Мы слушали его в изумлении.
— Впрочем, к дьяволу все эти цветы старомодного красноречия! — вскричал он вдруг. — К черту! Взбрели же мне на ум именно теперь, когда я должен врать!
И, закусив удила, князь обратился к моему хозяину со следующими словами:
— Пять шлепков по шляпе — и прощайте! Прощайте, управляющий, прощайте, моя птичка, мой пегаш, мой столик-накройся! Будьте здоровы и к чертям всякую деликатность!
— О чем это вы? — недоуменно спросил Стокласа.
— О чем? Да ни о чем. Все о том же! — крикнул князь. — Дворянин ты или нет, а порой руки у всякого чешутся, смажьте Хароусека по уху да побренчите золотыми в кармане. Примите буквально то, что твердит вам ваш внутренний голос и некий поэт:
Когда заслуг не признают, обидчика в отместку бьют…
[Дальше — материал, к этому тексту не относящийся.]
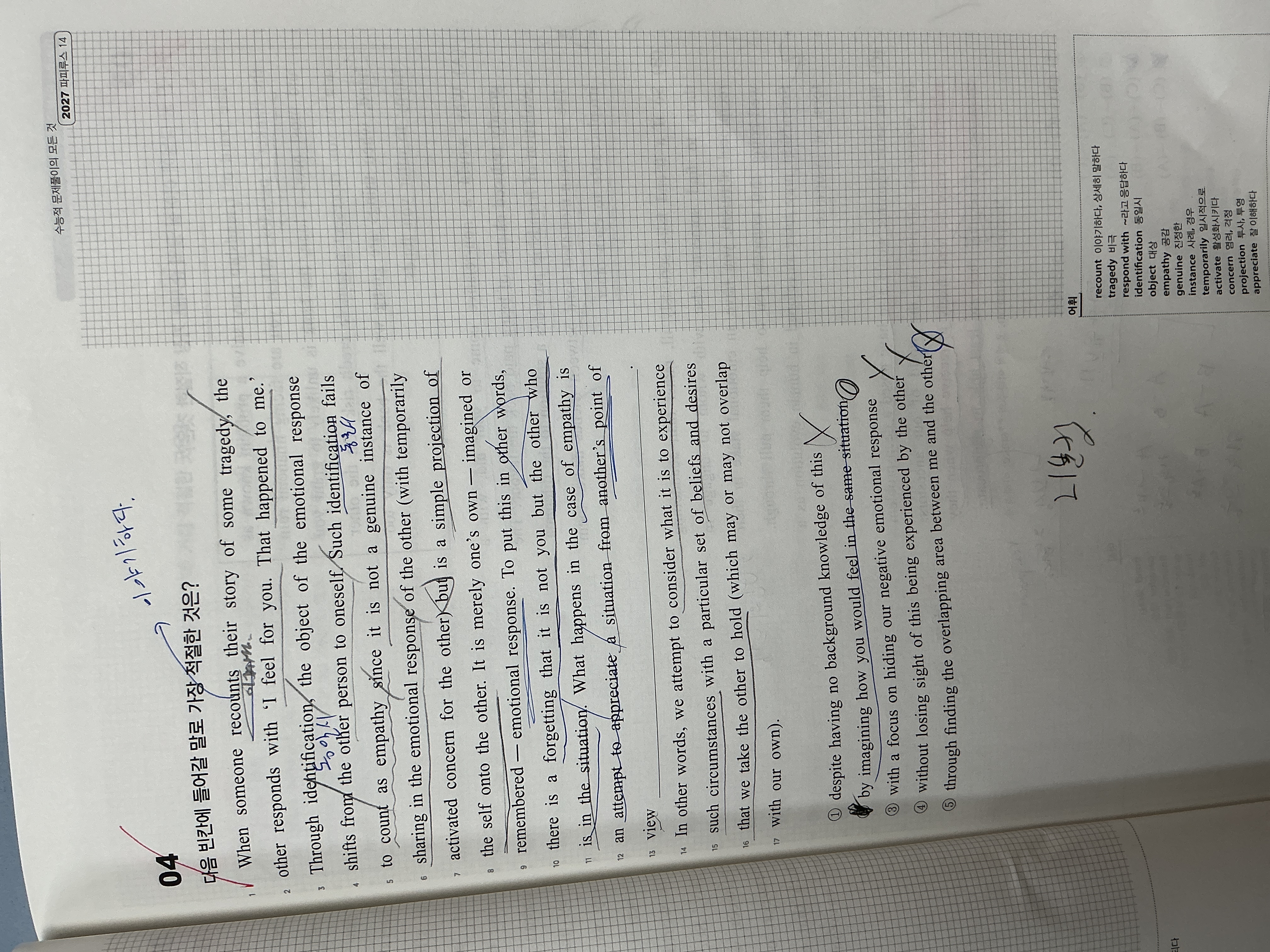 파피루스 14권 Day4에 4번 2번도 가능하지 않을까요? 공감이란 같은 상황에서 자신을 상상하는것이니까 주제와 맞지 않나요? 2번을 어떻게 지우는지 궁금합니다
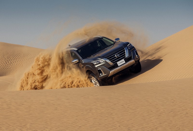 Ənənəvi yolsuzluq (OFF-Roader) avtomobilləri kimi Nissan X-Terra modeli rama üzərində yığılmış və əfsanəvi Nissan Patrol modelinin üslubunda radiator barmaqlıqlarına, əlavə müdafiəsi olan iri ön bamperlərə və C-şəkilli gündüz hərəkət işıqları olan yeni PİANO tipli LED fənərlərə sahibdir.

Давайте, валяйте! Пинок адвокату, тумак Рихтере, да еще ногой под зад, так просто, от души! Ах, друг мой, друг мой, желаю вам удачи, спокойствия, твердости, мира — и тяжелой руки. Одалживайте деньги только под высокие проценты, держите почки в тепле, а белое вино — на льду. Скупайте землю, где только можно, да держитесь пана Якуба. Далее, чтоб не забыть: раза два в год выезжайте на охоту, и да приносят вам облегчение ветры! Ха, я живо чувствую, что сейчас мне надлежало бы расплакаться и произнести пророчество о том, что будет с адвокатом: вижу, этот малый не женится. Вижу — растолстеет он и станет пить ту мутную жижу, которую изготавливают пивовары. И это окончательно, господа! Кто из вас теперь поверит ему в долг — ровно на год, с возвратом день в день, хоть полушку? Вы — нет, и я — нет, а Бернард?
— Я вас не понимаю, — пробормотал доктор Пустина.
Я говорю, что вы уберетесь несолоно хлебавши, — пояснил князь. — Что ваша лавочка лопнет, что у Стокласы меняется характер, что вами здесь сыты по горло.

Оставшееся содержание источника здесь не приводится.